*Exercise*
With the pictures left out, write out exactly the lines of the listing below that run from the line with "Ett elegant eldställ" through the line with "速卖通女装2025秋季新款时尚开衫纽扣拼接撞色短袖连衣裙外贸批发".
Extracted information Block Start
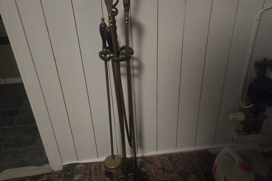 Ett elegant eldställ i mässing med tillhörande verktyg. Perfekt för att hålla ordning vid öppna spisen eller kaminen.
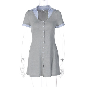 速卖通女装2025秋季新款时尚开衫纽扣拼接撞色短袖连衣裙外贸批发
Extracted information Block End
Extracted information Block Start
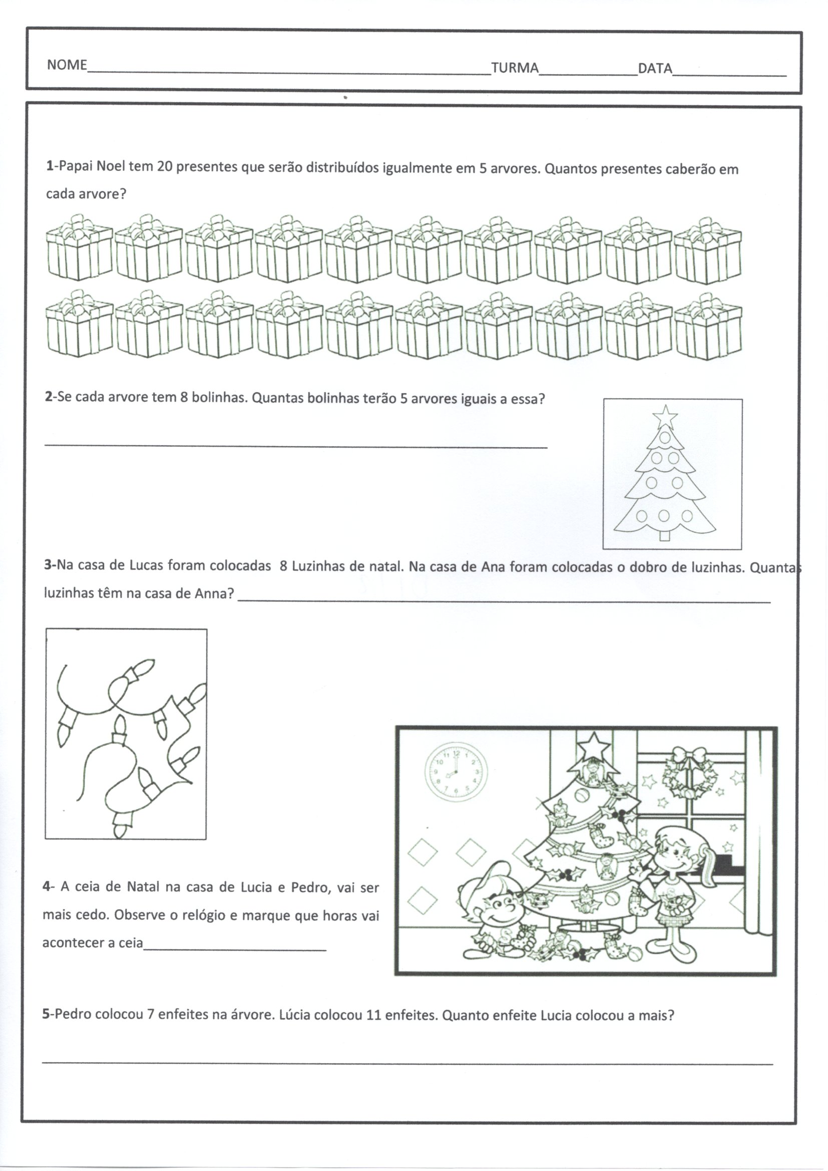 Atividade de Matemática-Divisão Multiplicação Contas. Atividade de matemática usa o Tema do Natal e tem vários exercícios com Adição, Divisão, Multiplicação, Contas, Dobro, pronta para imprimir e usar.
Extracted information Block End
*Solution to the problem*
 Ett elegant eldställ i mässing med tillhörande verktyg. Perfekt för att hålla ordning vid öppna spisen eller kaminen.
 速卖通女装2025秋季新款时尚开衫纽扣拼接撞色短袖连衣裙外贸批发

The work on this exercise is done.